Why is it important to monitor EKS Clusters
Understanding EKS Metrics
A Brief Overview of OpenTelemetry
What is OpenTelemetry Collector?
Key EKS Metrics Collected by OpenTelemetry
Prerequisites
Setting up SigNoz
Setting Up OpenTelemetry Collector - SigNoz
Monitoring with SigNoz Dashboard
Conclusion

If you want to jump straight into implementation, start with this prerequisites section.

A Brief Overview of Kubernetes and Amazon EKS

Kubernetes orchestrates computing, networking, and storage for applications, enabling quick deployments, scalable operations, seamless feature rollouts, and smart resource allocation. Amazon EKS is a managed Kubernetes offering that takes full advantage of AWS’s EC2 offerings.

Kubernetes streamlines the deployment, scaling, and management of applications, and Amazon EKS offers a managed service that makes it easier to run Kubernetes on AWS by handling the complexities of Kubernetes infrastructure setup and maintenance.

Why is it important to monitor EKS Clusters

Monitoring EKS clusters is essential for early issue detection, resource optimization, and security enhancement and offers practical benefits such as:

Resource Usage Analysis: Prevents overprovisioning or underprovisioning by tracking resource consumption metrics like CPU, Memory, IO, and filesystem free space.
Improved Debugging: Accelerates issue identification and resolution, reducing MTTR and improving user experience.
Performance Tuning: Identifies and resolves performance bottlenecks for optimal application operation. For example, we can monitor CPU throttling to ensure workloads have sufficient resources.
Resource Forecasting: Predicts future resource needs based on usage patterns to facilitate smooth scaling and advance budgeting.

Understanding EKS Metrics

EKS metrics can generally be categorized into three levels: container-level metrics, pod-level metrics, and node-level metrics. These metrics provide a granular view of the pods and nodes' resource consumption and performance characteristics within an EKS cluster.

Container Level Metrics

Container Level Metrics are the most granular. They offer insights into specific containers of a pod by monitoring their CPU, memory utilization, and more.

Pod Level Metrics

A Pod consists of one or more containers. Pod-level metrics are aggregated container metrics on pod-name.

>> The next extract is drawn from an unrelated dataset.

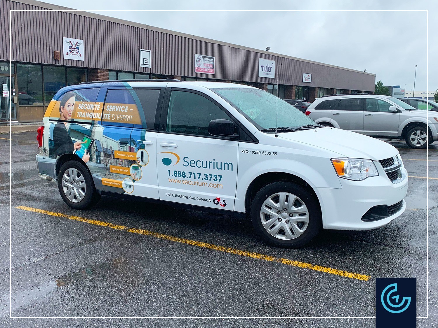 Accueil » Portfolios » Lettrage de véhicule » Wrap partiel et lettrage de véhicule sur un van Dodge Caravan pour Securium

Pod Level Metrics gives insights into the performance and state of the individual pods that are running on the EKS cluster. These include CPU and memory utilization, disk I/O, network traffic, and more.

Node Level Metrics

A Node can contain one or more Pods: These are aggregated container metrics on node-name.

Node Level Metrics offer a broader view, focusing on the EKS cluster nodes themselves. These metrics are crucial for understanding the overall health and capacity of the cluster. They encompass node-specific data such as CPU and memory usage, disk capacity, and network I/O.

Before we set up monitoring of these metrics, let’s have a brief overview of OpenTelemetry and its components.

A Brief Overview of OpenTelemetry

OpenTelemetry is a set of APIs, SDKs, libraries, and integrations aiming to standardize the generation, collection, and management of telemetry data(logs, metrics, and traces). It is backed by the Cloud Native Computing Foundation and is the leading open-source project in the observability domain.

The data you collect with OpenTelemetry is vendor-agnostic and can be exported in many formats. Telemetry data has become critical in observing the state of distributed systems. With microservices and polyglot architectures, there was a need to have a global standard for generating observability data. OpenTelemetry aims to fill that space and is doing a great job at it thus far.

OpenTelemetry provides a component called OpenTelemetry Collector, which helps collect, process, and export data. In this tutorial, we will use the OpenTelemetry collector to collect metrics from AWS EKS.

What is OpenTelemetry Collector?

OpenTelemetry Collector is a stand-alone service provided by OpenTelemetry. It can be used as a telemetry-processing system with a lot of flexible configurations to collect and manage telemetry data.

It can understand different data formats and send it to different backends, making it a versatile tool for building observability solutions.

Read our complete guide on OpenTelemetry Collector

How does OpenTelemetry Collector collect data?

A receiver is how data gets into the OpenTelemetry Collector. Receivers are configured via YAML under the top-level receivers tag. There must be at least one enabled receiver for a configuration to be considered valid.

Here’s an example of an otlp receiver:

receivers:
  otlp:
    protocols:
      grpc:
      http:

An OTLP receiver can receive data via gRPC or HTTP using the OTLP format. There are advanced configurations that you can enable via the YAML file.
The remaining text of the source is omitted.